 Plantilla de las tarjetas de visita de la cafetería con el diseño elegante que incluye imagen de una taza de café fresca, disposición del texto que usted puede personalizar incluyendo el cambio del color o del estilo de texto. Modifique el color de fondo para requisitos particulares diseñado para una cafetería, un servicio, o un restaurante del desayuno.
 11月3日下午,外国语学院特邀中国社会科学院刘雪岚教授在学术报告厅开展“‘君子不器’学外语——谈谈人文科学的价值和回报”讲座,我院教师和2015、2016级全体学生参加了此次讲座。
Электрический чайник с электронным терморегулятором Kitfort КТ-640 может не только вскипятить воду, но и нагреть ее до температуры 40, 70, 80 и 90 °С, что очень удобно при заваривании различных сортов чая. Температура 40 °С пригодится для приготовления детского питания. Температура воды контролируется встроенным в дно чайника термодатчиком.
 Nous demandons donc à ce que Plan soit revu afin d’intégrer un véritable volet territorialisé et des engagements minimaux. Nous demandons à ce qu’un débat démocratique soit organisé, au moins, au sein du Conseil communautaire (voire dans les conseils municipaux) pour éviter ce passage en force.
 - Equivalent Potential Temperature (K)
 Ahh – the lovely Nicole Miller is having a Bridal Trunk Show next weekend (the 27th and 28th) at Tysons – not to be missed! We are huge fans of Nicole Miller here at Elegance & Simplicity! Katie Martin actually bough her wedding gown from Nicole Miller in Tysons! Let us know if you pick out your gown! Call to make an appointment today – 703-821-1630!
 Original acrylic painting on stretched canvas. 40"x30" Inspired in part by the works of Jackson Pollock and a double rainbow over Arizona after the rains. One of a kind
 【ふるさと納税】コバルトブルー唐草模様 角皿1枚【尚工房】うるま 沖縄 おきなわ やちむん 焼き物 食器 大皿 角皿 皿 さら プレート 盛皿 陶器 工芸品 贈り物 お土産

***

## Exercise directions
Please transcribe, exactly and with nothing added, the lines from the first line of the material above through the line that contains "11月3日下午,外国语学院特".

## Exercise response
 Plantilla de las tarjetas de visita de la cafetería con el diseño elegante que incluye imagen de una taza de café fresca, disposición del texto que usted puede personalizar incluyendo el cambio del color o del estilo de texto. Modifique el color de fondo para requisitos particulares diseñado para una cafetería, un servicio, o un restaurante del desayuno.
 11月3日下午,外国语学院特邀中国社会科学院刘雪岚教授在学术报告厅开展“‘君子不器’学外语——谈谈人文科学的价值和回报”讲座,我院教师和2015、2016级全体学生参加了此次讲座。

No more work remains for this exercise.